**Prompt:**
Omit the pictures and output exactly the lines from the start of the entries through the line containing "de culture-plaisir !".

**Records shown:**
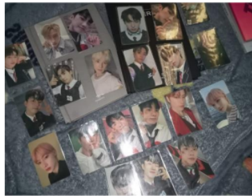
Gambar 4. Photocard
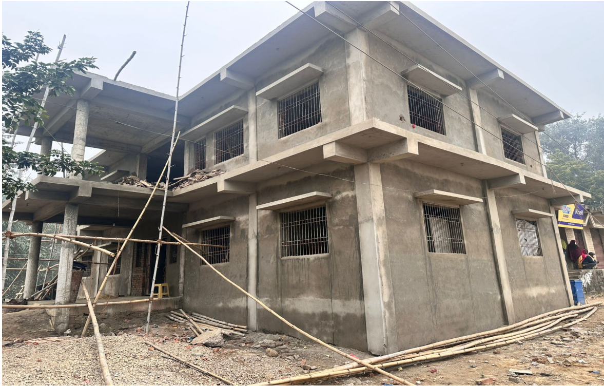
Wada No.4 Office Building Construction
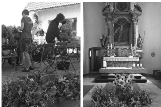
Mit viel Freude vertieft in die Arbeit

Viele Hände - schnelles Ende. So blieb den 12 LandFrauen aus Karsee nach dem gemeinsamen Kräuterbüschelbinden noch Zeit für eine große Tasse Kaffee mit Butterhörnla und Zopfbrot in der Sonne. Begleitet von dem herrlichen Duft der Kräuterbüschel die in liebevoller Handarbeit gefertigt wurden. Herzlichen Dank für die Kräuter und Blumenspenden, an die fleißigen Binderinnen und an Allen die uns mit Ihrer Spende für die Kräuterbüschel unterstützt haben. Somit konnten wir einen Betrag von 325 Euro im Klösterle in Wangen abgeben. Wir wollen hiermit den ausdrücklichen Dank weitergeben! Das Geld wird Bedürftigen zugutekommen, für Mittagessen oder auch Lebensmittel zum mitnehmen. Wo es halt gerade gebraucht wird - es ist in guten Händen. Ein spontaner Spaziergang im Klostergarten wurde dann noch zu einer kleinen Führung - immer wieder ein schönes Erlebnis. Der Garten ist immer offen und Gäste die ein Plätzchen zum verweilen suchen sind willkommen.
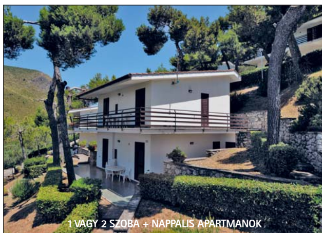
1 VAGY 2 SZOBA + NAPPALIS APARTMANOK
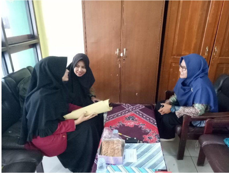
Wawancara dengan Wali Kelas/Guru dan Operator Madrasah
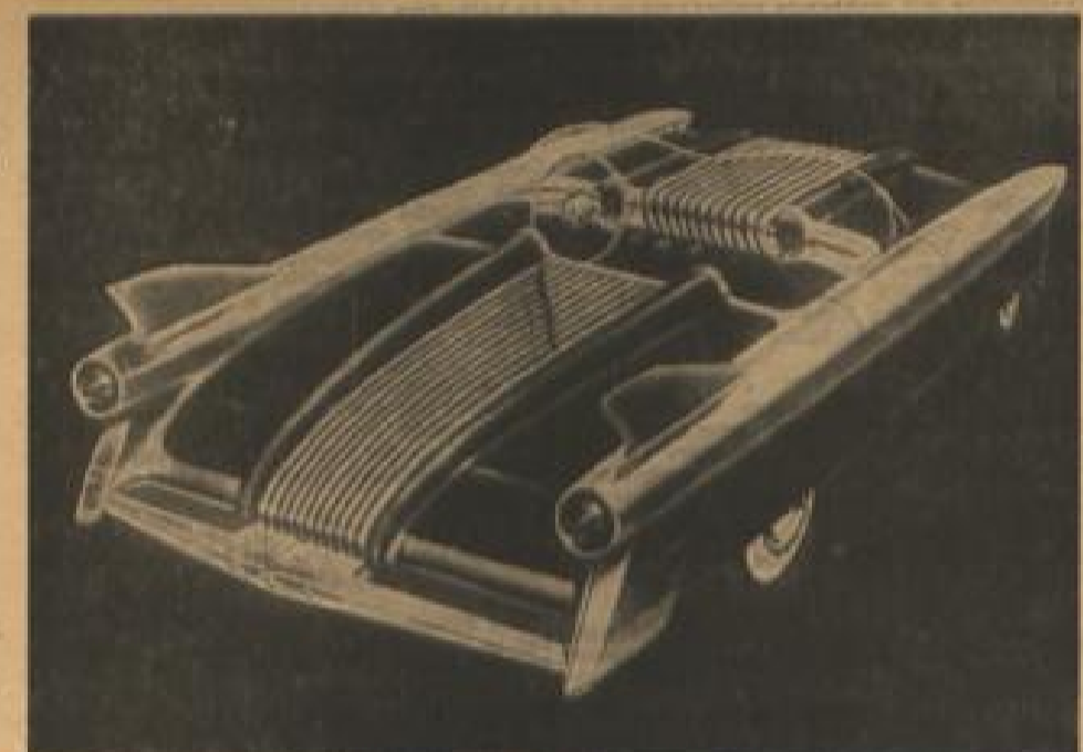
Ein Alptraum der Landstraße
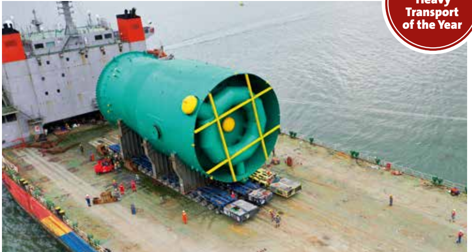
Transport des 1.357 t schweren Regenerators auf 3x20 PST/SL Achslinien.

www.kranmagazin.de/ArchivSTM/Stm_103/spezial2.pdf
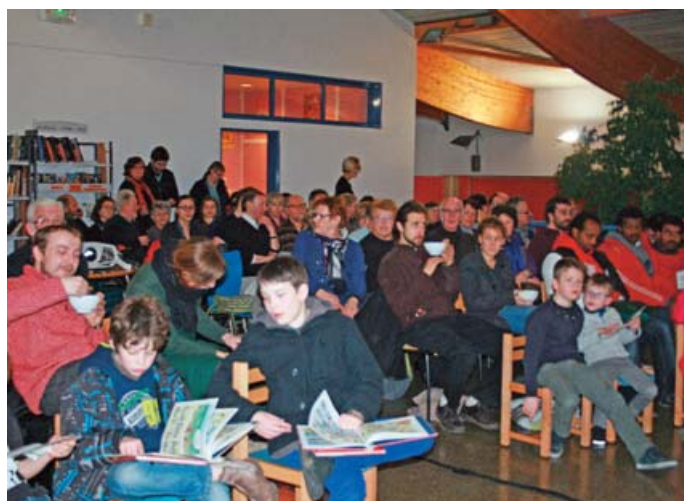
■ Un grand moment de culture-plaisir !

Le concept proposé par l'association régionale "Rencontres audiovisuelles" est si original qu'il a très vite conquis l'équipe de la médiathèque de Lillers. Ainsi pour la troisième année consécutive, le ciné-soupe itinérant fera étape dans notre ville. Le vendredi 20 février, vous découvrirez ainsi une sélection de courts-métrages d'une très grande diversité artistique. Des petits films (dont la plupart ont été sélectionnés au dernier Festival International du court métrage de Lille) nous parlent de nos vies ou mettent l'accent sur de grandes questions qui traversent la société.

**Written solution:**
Gambar 4. Photocard
Wada No.4 Office Building Construction
Mit viel Freude vertieft in die Arbeit

Viele Hände - schnelles Ende. So blieb den 12 LandFrauen aus Karsee nach dem gemeinsamen Kräuterbüschelbinden noch Zeit für eine große Tasse Kaffee mit Butterhörnla und Zopfbrot in der Sonne. Begleitet von dem herrlichen Duft der Kräuterbüschel die in liebevoller Handarbeit gefertigt wurden. Herzlichen Dank für die Kräuter und Blumenspenden, an die fleißigen Binderinnen und an Allen die uns mit Ihrer Spende für die Kräuterbüschel unterstützt haben. Somit konnten wir einen Betrag von 325 Euro im Klösterle in Wangen abgeben. Wir wollen hiermit den ausdrücklichen Dank weitergeben! Das Geld wird Bedürftigen zugutekommen, für Mittagessen oder auch Lebensmittel zum mitnehmen. Wo es halt gerade gebraucht wird - es ist in guten Händen. Ein spontaner Spaziergang im Klostergarten wurde dann noch zu einer kleinen Führung - immer wieder ein schönes Erlebnis. Der Garten ist immer offen und Gäste die ein Plätzchen zum verweilen suchen sind willkommen.
1 VAGY 2 SZOBA + NAPPALIS APARTMANOK
Wawancara dengan Wali Kelas/Guru dan Operator Madrasah
Ein Alptraum der Landstraße
Transport des 1.357 t schweren Regenerators auf 3x20 PST/SL Achslinien.

www.kranmagazin.de/ArchivSTM/Stm_103/spezial2.pdf
■ Un grand moment de culture-plaisir !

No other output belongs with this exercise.